Perşembe akşam saatleriydi, instagramda bir metinle karşılaştık. Genç bir kadının kendisini son derece doğru ve güzel ifade eden, su gibi, duru ve net satırlarıyla. Yetenekli genç oyuncu Elit İşcan, “Yaşamayanlar” disinin setinde rol arkadaşı Efecan Şenolsun tarafından cinsel saldırıya uğradığını (hakaret, küfür ve vücut dokunulmazlığını ihlal eden davranışlar şeklinde sıralamış), bunu hem yapım ekibiyle hem ikisinin ortak ajansıyla paylaştığını, kendisinden süre istendiğini anlatıyordu.

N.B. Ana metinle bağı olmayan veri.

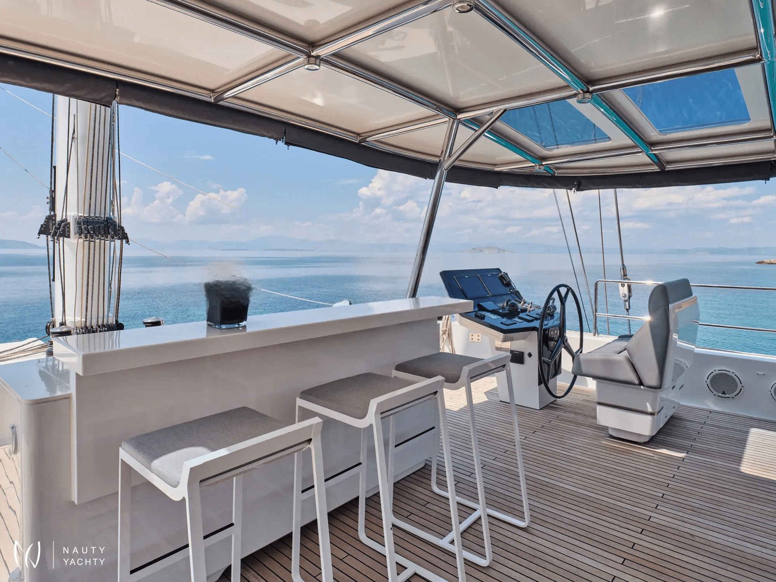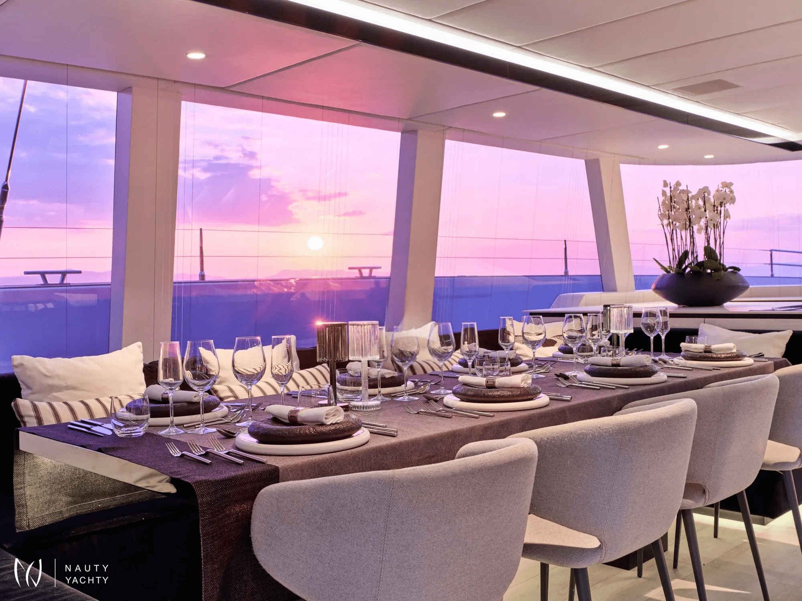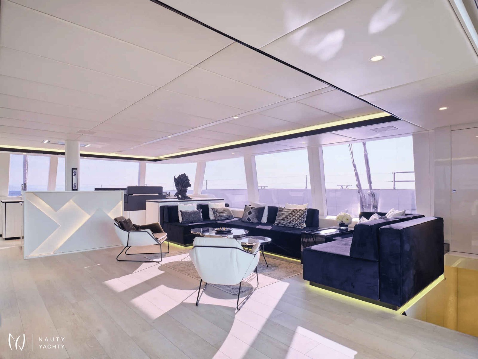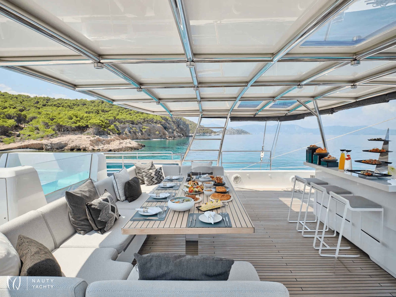 The sleek exterior of Beyond opens to reveal sophisticated interiors designed for comfort and socializing. She uniquely accommodates up to 12 guests across four cabins, making her an exceptional choice for larger groups and families.

Aradan beş ay geçmiş, hiçbir adım atılmamış, İşcan da Şenolsun’dan şikayetçi olarak hukuki işlem başlatmış ve kamuoyuna da bu açıklamayı yapmaya karar vermişti. Açıklamanın en iç burkucu yanı, gayet öngörülü olan “Bu olayı kamuoyu ile paylaşarak mesleki geleceğimi riske attığımın, hakkında ‘yorumlar’ yapılacak, mercek altına alınacak kişinin cinsel saldırıda bulunan değil de ben olabileceğimin, pek çok haksız ve olumsuz söz işiteceğimin bilincindeyim,” bölümü.
Nitekim daha o ‘gönder’ tuşuna basarken ortalığı “Tacize uğrayan kadınlar neden susarlar?” konusuna açıklık getirecek örnekler sardı. “Oh hadi, kastın primini, yaptın reklamını, artık sırtın yere gelmez”cileri geçiyorum, kendilerine akıl ve vicdan dileyerek, ama asıl bir dolu da böyle bir durumda ortalığı ayağa kaldırmanın doğru olmadığında inanan, işin pekala ‘aile içinde’ çözülebileceğini düşünen sektör insanı var. Aklına fikrine saygı duyduğum bir oyuncu arkadaşımız mesela, “Sette taciz olaylarının paylaşıldıkça büyüdüğünü” iddia etti, “Mahkemelik olmuş dizi hâlâ devam ediyor, bu ‘ahlakçılık’ biraz yalan. Hollywood’da başlatılan bu haklı dava burada çirkinleşti. Set çalışanları insandır ve böyle durumlara tepki verirler, orada çözülür anında” şeklinde.
“Yasak Elma” hakkında söylediklerine katılmakla beraber, nasıl bir ‘anında hal yolu’ önerdiğini, örnekte görüldüğü gibi bir halledilmeme durumunda ne yapmak gerektiğini düşündüğünü anlayamadım. “Bu kadar büyütmeyin efendim” mi diyor, “olsa dayağı yerdi abilerinden, olmamış demek ki” mi diyor, ne diyor? Zaten ikinci fasıl da o, “Bizim setlerde olmaz öyle şey”. Bunu iddia eden kadınlar bile var.
Birkaç yıl önce Nurgül Yeşilçay çıkıp aslanlar gibi sette uğradığı hakaretleri, tacizleri, saldırıları anlattığında “Nurgül Yeşilçay şöhretine sahip bir kadın bunları göz önünde yaşayıp karşısında yapımcısından yönetmenine bir erkek ittifakı buluyorsa daha güçsüz konumdaki kadınların başına neler geliyordur?” diye düşünmüş, bunların teker teker ortaya çıkmaya başladığı gün taşların nasıl yerinden oynayacağını düşünmüştüm. Yaşıyor ve görüyoruz nitekim.
Birileri çıkıp “Yeter” diyor, başka birilerinin keyfi kaçıyor, “Hayır, flört de mi edemeyeceğiz?”, olmadı ‘racon’dan dem vuruyor. Bu raconla geldiğimiz nokta bu, beyler. Kusura bakmayın, kendinize vehmettiğiniz “sevimli hergeleler” kılığından sıyrılacak, kadınlarla istekleri dışında ‘flört’ edemeyecek, rahatsız edici sözlerinizi, cinsiyetçi küfürlerinizi, aşağılayıcı ifadelerinizi yutacaksınız. Değilse de bu olacak, yaşananlar ortalığa dökülüp konuşulacak, kadınlar yalnız ve sessiz kalmayacak.